Let's build our own backpropagation algorithm from scratch step by step.



In [1]:
# Importing libraries
import math
import random
import numpy as np
import matplotlib.pyplot as plt

### Manual Gradient Calculation

Let's manually calculate the gradient of a function.

#### Example 1: Single Variable Function

In [2]:
# Define a random function
def f(x):
    ################################################################################
    # TODO:                                                                        #
    # f(x) = 3x^2 - 4x + 5                                                         #
    ################################################################################
    # *****START OF YOUR CODE (DO NOT DELETE/MODIFY THIS LINE)*****
    out = 3*x*x - 4*x + 5
    # *****END OF YOUR CODE (DO NOT DELETE/MODIFY THIS LINE)*****
    return out

In [None]:
f(2)  # f(2) = 3*2^2 - 4*2 + 5 = 9

In [None]:
# Plot the function
xs = np.arange(-5, 5, 0.25)  # np.arrange(start, stop, step)
ys = [f(x) for x in xs]
plt.plot(xs, ys)

What is the gradient of f(x) at x=2?
- Human's solution:
    - f'(x) = 6x - 4
    - f'(2) = 6*2 - 4 = 8

- Computer's solution:
    - f'(2) = (f(2 + h) - f(2)) / h
        - h: a small number (0.0001)

In [None]:
def gradient(function, x, _h=0.0001):
    ################################################################################
    # TODO:                                                                        #
    ################################################################################
    # *****START OF YOUR CODE (DO NOT DELETE/MODIFY THIS LINE)*****

    # *****END OF YOUR CODE (DO NOT DELETE/MODIFY THIS LINE)*****
    return grad

In [None]:
gradient(f, 2)

Let's calculate the gradient of a more complex function.

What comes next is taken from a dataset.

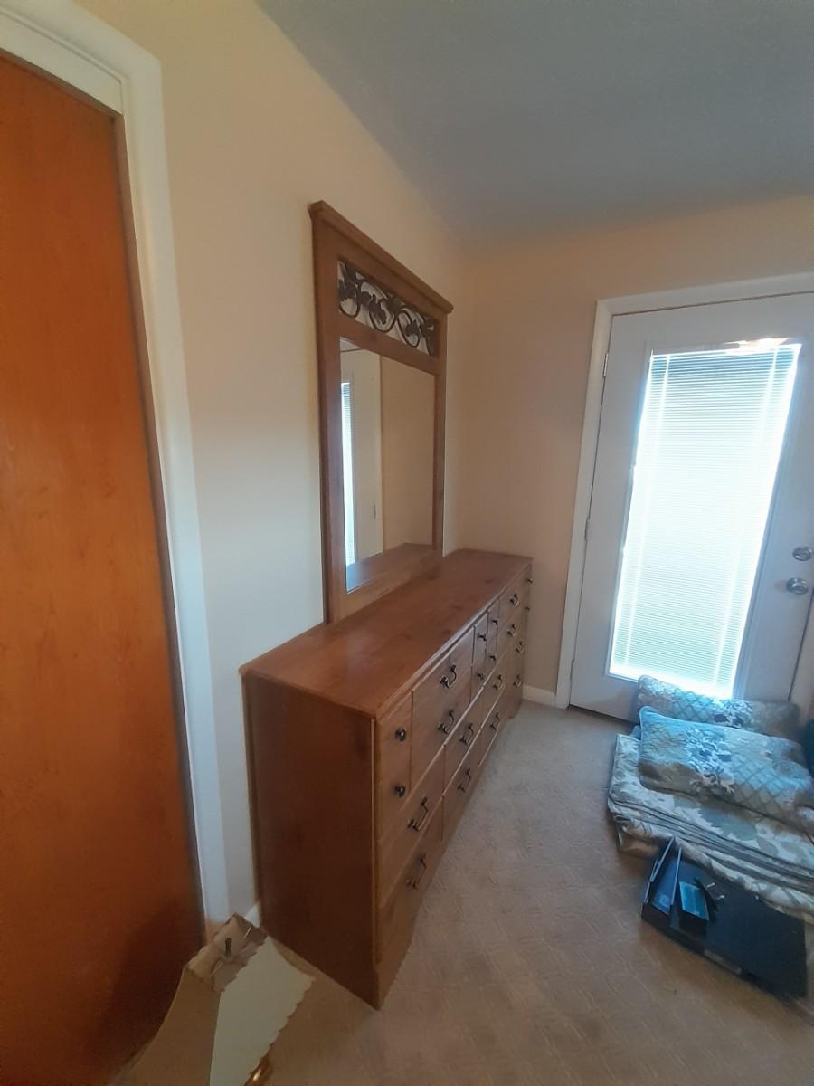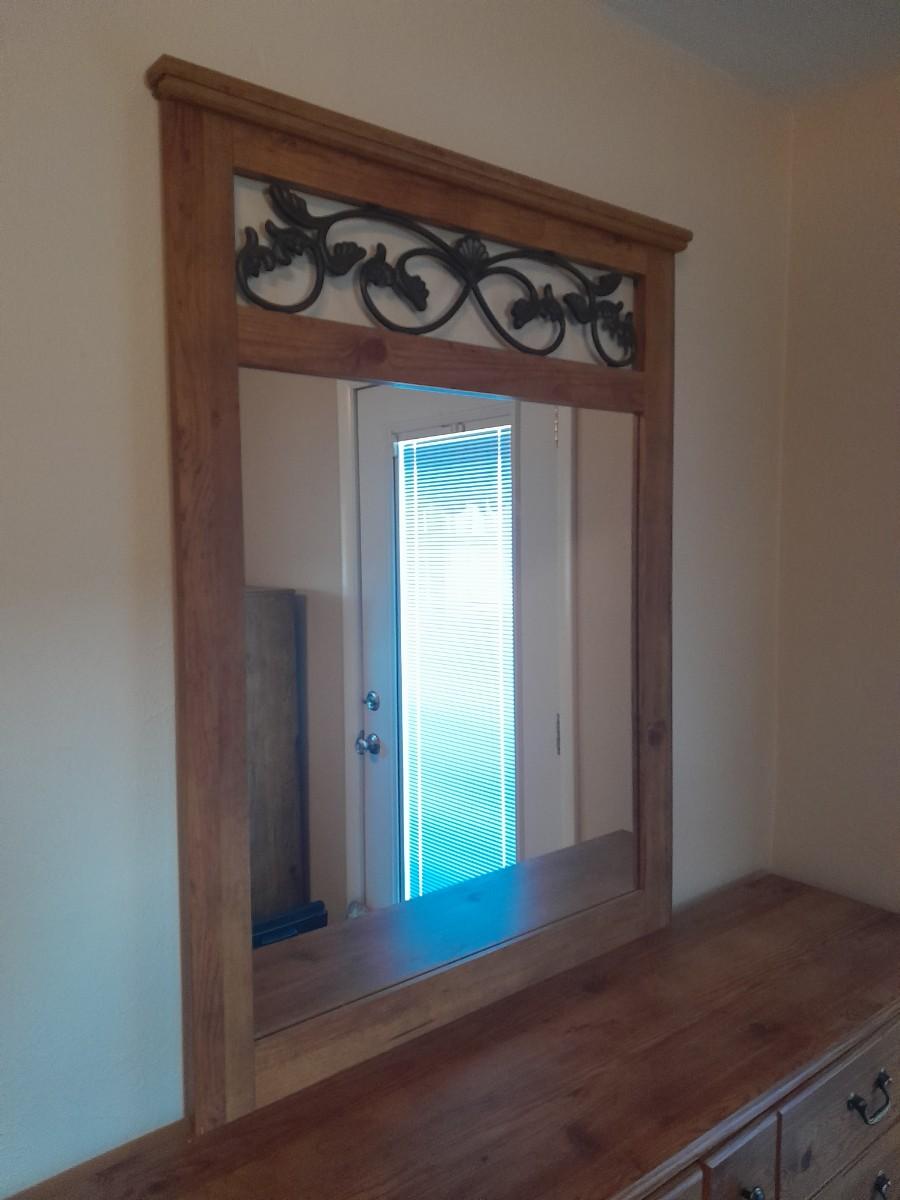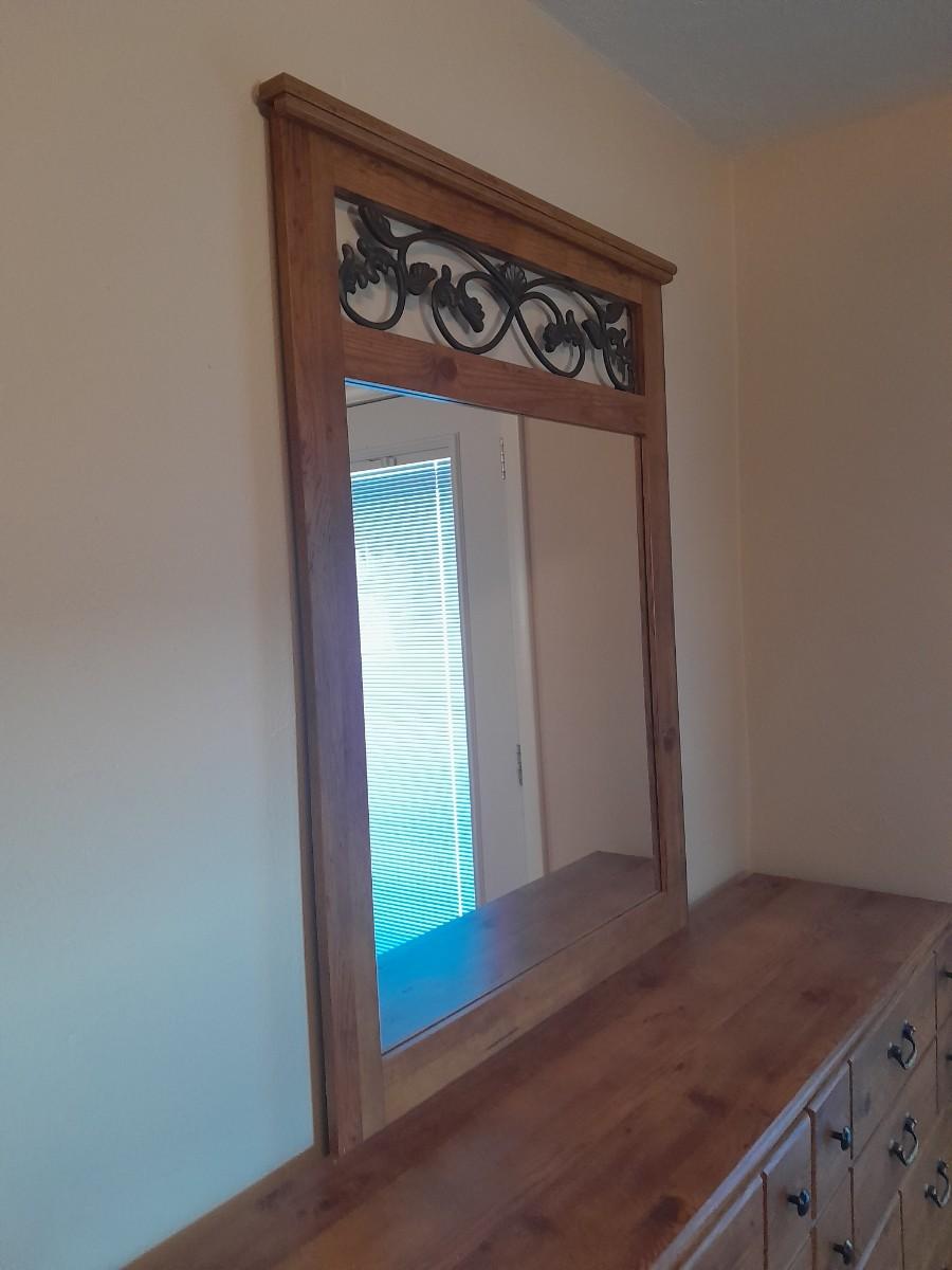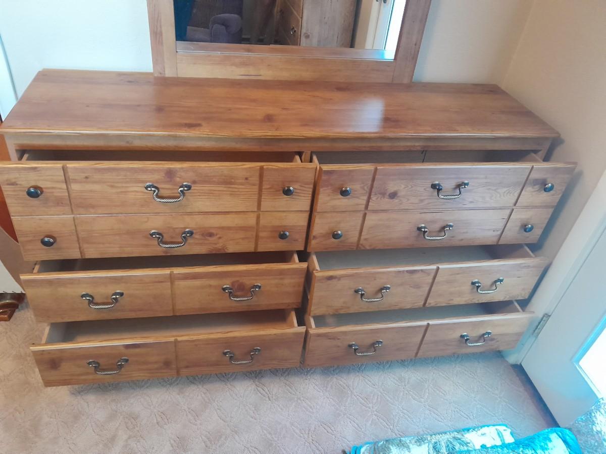 NICE ASHLEY FURNITURE SIX DRAWER LONG DRESSER 62" X 63" WITH MIRROR 47" X 35" REPLICATED PINE GRAIN
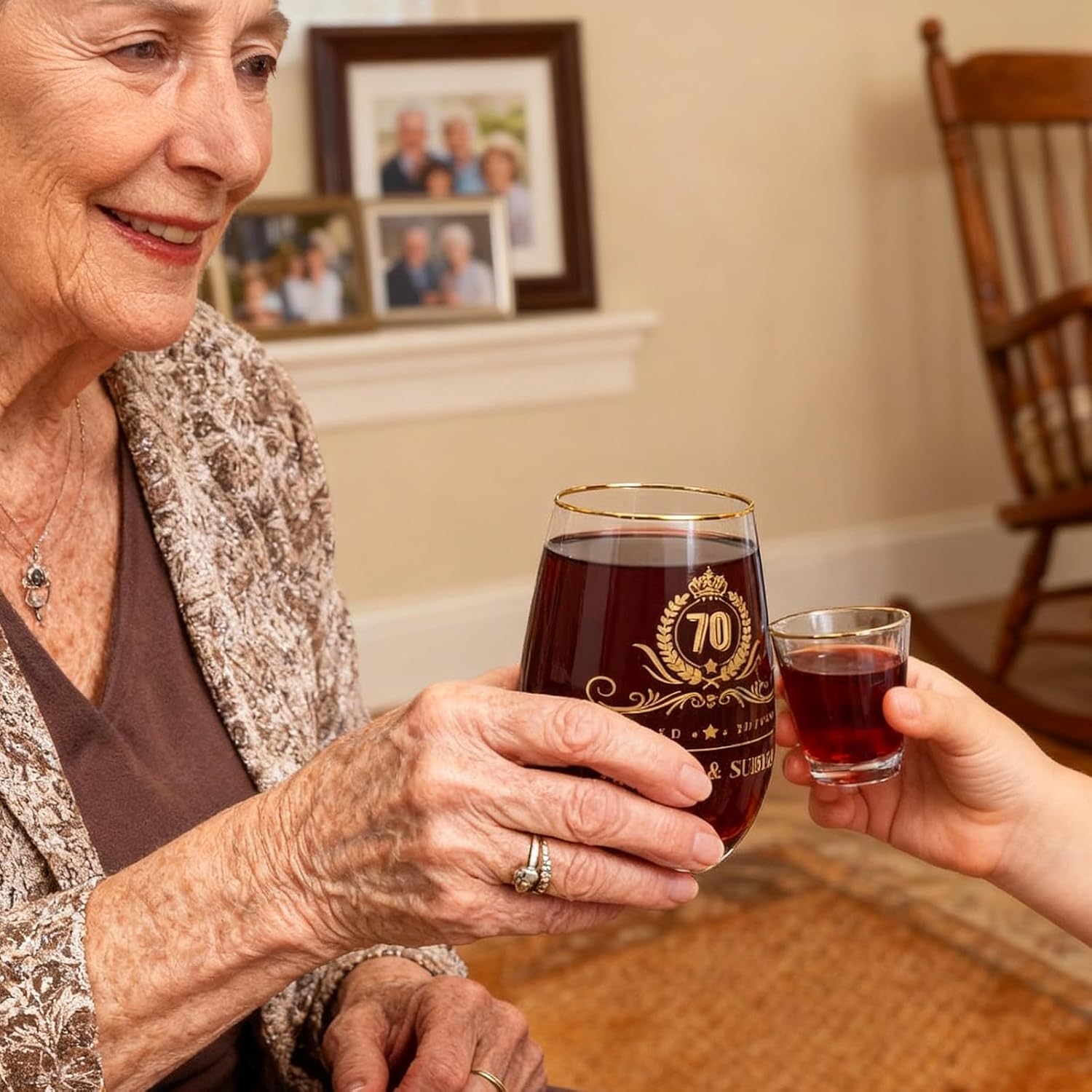• 👑 Paying a Tribute to Seven Decades of Legendary - Seventy years, a lifetime of stories, strength, and unconditional love that has become the bedrock of your family. This glittering gold stemless wine glass is more than a gift, this is a standing ovation for our matriarch. The ultimate gesture to show Grandma, Mom, or Nana that her legacy is forever cherished.

![(x + y) * z](https://github.com/qorjiwon/LLM101n/blob/master/assets/(x+y)z.png?raw=1)

(Image credit: Stanford CS231n)

#### Example 2: Multi-Variable Function

In [None]:
def f(x, y, z):
    out = (x + y) * z
    return out

In [None]:
f(-2, 5, -4)  # f(-2, 5, -4) = (-2 + 5) * -4 = -12

Let's calculate the gradient of this function

**Goal**:
1. df/dx at x=-2
2. df/dy at y=5
3. df/dz at z=-4

In [None]:
# Get the derivative of f(x, y, z) with respect to x, y, z
h = 0.0001

################################################################################
# TODO:                                                                        #
# Derivative of f with respect to x=2                                          #
################################################################################
# *****START OF YOUR CODE (DO NOT DELETE/MODIFY THIS LINE)*****

# *****END OF YOUR CODE (DO NOT DELETE/MODIFY THIS LINE)*****
print(f"df/dx: {df_dx}")

################################################################################
# TODO:                                                                        #
# Derivative of f with respect to y=-3                                         #
################################################################################
# *****START OF YOUR CODE (DO NOT DELETE/MODIFY THIS LINE)*****

# *****END OF YOUR CODE (DO NOT DELETE/MODIFY THIS LINE)*****
print(f"df/dy: {df_dy}")


################################################################################
# TODO:                                                                        #
# Derivative of f with respect to z=10                                         #
################################################################################
# *****START OF YOUR CODE (DO NOT DELETE/MODIFY THIS LINE)*****

# *****END OF YOUR CODE (DO NOT DELETE/MODIFY THIS LINE)*****
print(f"df/dz: {df_dz}")

This time, let's calculate the gradient using the chain rule.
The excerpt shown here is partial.